理解情感和表达是一个跨越多个学科的任务,尤其是在提高用户体验方面。与普遍认识相反,已经证明情感并不是离散的实体,而是存在于一个连续的过程中。由于各种因素(包括文化背景、个人经历和认知偏见)的不同,人们对离散情感的理解存在差异。因此,大多数表达理解方法,尤其是那些依赖离散类别的,在本质上存在偏见。在本文中,我们对两个常见的数据集(AffectNet和EMOTIC)进行了比较深入的分析和评估,这些数据集配备了共轭模型的组件。此外,我们提出了一个专为轻量级应用设计的面部表情预测模型。通过基于小规模的MaxViT模型架构,我们在训练过程中使用连续的紧张和兴奋标签对离散表达类别标签的影响进行了评估。我们发现,在考虑紧张和兴奋标签的同时,使用离散类别标签可以显著提高表情推断。所提出的模型在AffectNet上优于现有状态,将其确立为推断紧张和兴奋的最佳模型,具有7%的较低MSE。训练脚本和训练权重以复制我们的结果可以从这里找到:https://www. this URL。

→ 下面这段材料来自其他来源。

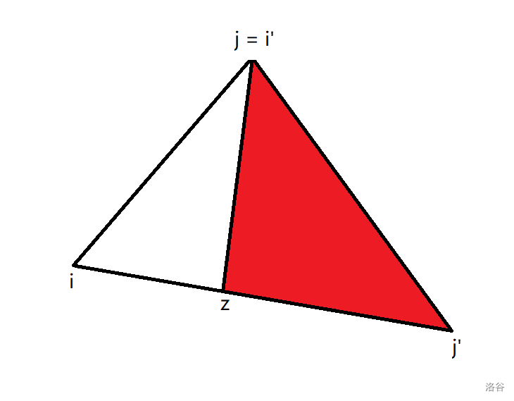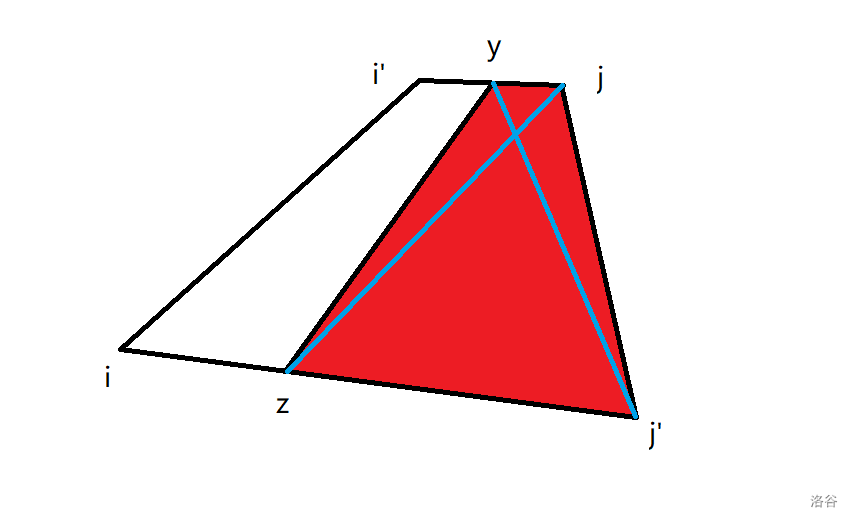 我们设 $c(i, j')$ 在 $k = z$ 处有最小值,记为 $c_z(i, j) = c(i, j) = w(i, j) + c(i, z) + c(z + 1, j)$。 现在有两个对称的情况,$z \leq j$ 和 $z \geq j$,我们只证明 $z \leq j$ 的情况,$z \geq j$ 同理可得。 考虑数学归纳法,我们先证明 $z \leq j \leq j'$ 时引理成立,此时我们设三角形三个顶点分别是 $i, j, j'$,它们之间的边长分别是 $c(i, j), c(j, j'), c(i, j')$,那么 $z$ 就是 $ij'$ 这条边上的一个最优分割点,于是我们可以画出下图:  在 $\triangle zjj'$ 中,$c(z, j) + c(j, j') \leq c(z + 1, j')$,这是反三角不等式此时满足引理 2.3.1。 我们考虑,$z$ 为 $i$ 到 $j'$ 的区间最优分割点,但有可能是 $i$ 到 $j'$ 的最优分割点,因此 $c(i, j) \leq c_z(i, j) = w(i, j) + c(i, z) + c(z + 1, j)$。 我们把两边同时加上 $c(j, j')$,可以得到 $c(i, j) + c(j, j') \leq w(i, j) + c(i, z) + c(z + 1, j) + c(j, j')$。由于单调性 $w(i, j) \leq w(i, j')$,而根据之前求出的不等式 $c(z, j) + c(j, j') \leq c(z, j')$,可以得出 $c(i, j) + c(j, j') \leq w(i, j') + c(i, z) + c(z + 1, j') = c(i, j')$。 - $i < i' < j < j'$,此时是最普通的情况。假设小区间 $c(i', j)$ 和大区间 $c(i, j')$ 分别在 $k = y$ 和 $k = z$ 处取得最小值,记为 $c(i', j) = c_y(i', j) = w(i', j) + c(i', y) + c(y + 1, j)$,$c(i, j') = c_z(i, j') = w(i, j') + c(i, z) + c(z + 1, j')$。 现在又有两个对称的情况,$z \leq y$ 和 $z \geq y$,我们只证明 $z \leq y$ 的情况,$z \geq y$ 同理可得。 我们依然考虑数学归纳法,先证明边界情况,即 $z \leq y < j < j'$ 时引理成立。我们设四边形的四个顶点是 $i, i', j, j'$,它们之间的边长分别是 $c(i, j'), c(j, j'), c(i', j), c(i, i')$,那么 $y$ 就是 $i'j$ 这条边上的最优分割点,而 $z$ 就是 $ij'$ 这条边上的最优分割点,于是我们可以画出下图:  根据四边形不等式,$c(z, j) + c(y, j) \leq c(y + 1, j) + c(z + 1, j')$,此时满足引理 2.3.1。 依然考虑 $y$ 是 $i'$ 到 $j$ 的最优分割点,可能是 $i'$ 到 $j'$ 的最优分割点,因此 $c(i', j') \leq c_z(i', j')$,同理可得 $c(i, j) \leq c_z(i, j)$,于是将等式左边加起来,等式右边加起来,可以得到 $c(i, j) + c(i', j') \leq c_z(i, j) + c_y(i', j') = w(i, j) + w(i', j') + c(i, z) + c(z + 1, j) + c(i', y) + c(y + 1, j')$。 根据 $w$ 的单调性以及推出的 $c(z, j) + c(y, j) \leq c(y + 1, j) + c(z + 1, j')$,可以得到 $c(i, j) + c(i', j') \leq w(i', j) + w(i, j') + c(i, z) + c(i', y) + c(y + 1, j) + c(z + 1, j') = c(i', j) + c(i, j')$。
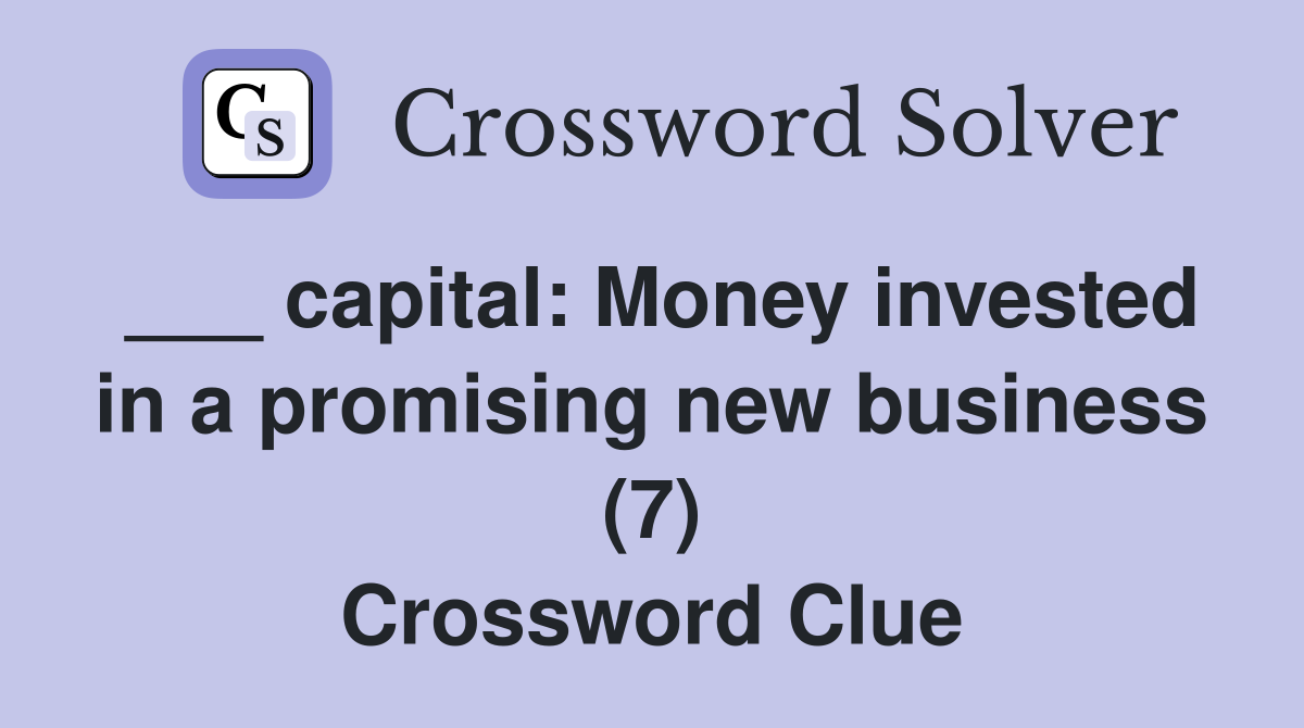 capital: Money invested in a promising new business (7) Crossword

https://arxiv.org/abs/2404.14975
Learning-based image stitching techniques typically involve three distinct stages: registration, fusion, and rectangling. These stages are often performed sequentially, each trained independently, leading to potential cascading error propagation and complex parameter tuning challenges. In rethinking the mathematical modeling of the fusion and rectangling stages, we discovered that these processes can be effectively combined into a single, variety-intensity inpainting problem. Therefore, we propose the Simple and Robust Stitcher (SRStitcher), an efficient training-free image stitching method that merges the fusion and rectangling stages into a unified model. By employing the weighted mask and large-scale generative model, SRStitcher can solve the fusion and rectangling problems in a single inference, without additional training or fine-tuning of other models. Our method not only simplifies the stitching pipeline but also enhances fault tolerance towards misregistration errors. Extensive experiments demonstrate that SRStitcher outperforms state-of-the-art (SOTA) methods in both quantitative assessments and qualitative evaluations. The code is released at this https URL
基于学习的图像拼接技术通常包括三个不同的阶段:注册、融合和矩形化。这些阶段通常按顺序执行,每个阶段都经过独立训练,这可能导致级联错误传播和复杂参数调整挑战。在重新考虑融合和矩形化阶段的数学建模时,我们发现这些过程可以有效合并成一个单一的多样性强度在补救问题中。因此,我们提出了简单且鲁棒的全拼接器(SRStitcher)高效的无训练图像拼接方法,将融合和矩形化阶段合并为一个统一的模型。通过采用加权掩码和大规模生成模型,SRStitcher可以在单个推理中解决融合和矩形化问题,而无需其他模型的微调或训练。我们的方法不仅简化了拼接流程,还提高了对配准错误容错的能力。大量实验证明,SRStitcher在定量评估和定性评估方面都优于最先进的(SOTA)方法。代码发布在https://这一URL
https://arxiv.org/abs/2404.14951
Anomaly detection in real-world scenarios poses challenges due to dynamic and often unknown anomaly distributions, requiring robust methods that operate under an open-world assumption. This challenge is exacerbated in practical settings, where models are employed by private organizations, precluding data sharing due to privacy and competitive concerns. Despite potential benefits, the sharing of anomaly information across organizations is restricted. This paper addresses the question of enhancing outlier detection within individual organizations without compromising data confidentiality. We propose a novel method leveraging representation learning and federated learning techniques to improve the detection of unknown anomalies. Specifically, our approach utilizes latent representations obtained from client-owned autoencoders to refine the decision boundary of inliers. Notably, only model parameters are shared between organizations, preserving data privacy. The efficacy of our proposed method is evaluated on two standard financial tabular datasets and an image dataset for anomaly detection in a distributed setting. The results demonstrate a strong improvement in the classification of unknown outliers during the inference phase for each organization's model.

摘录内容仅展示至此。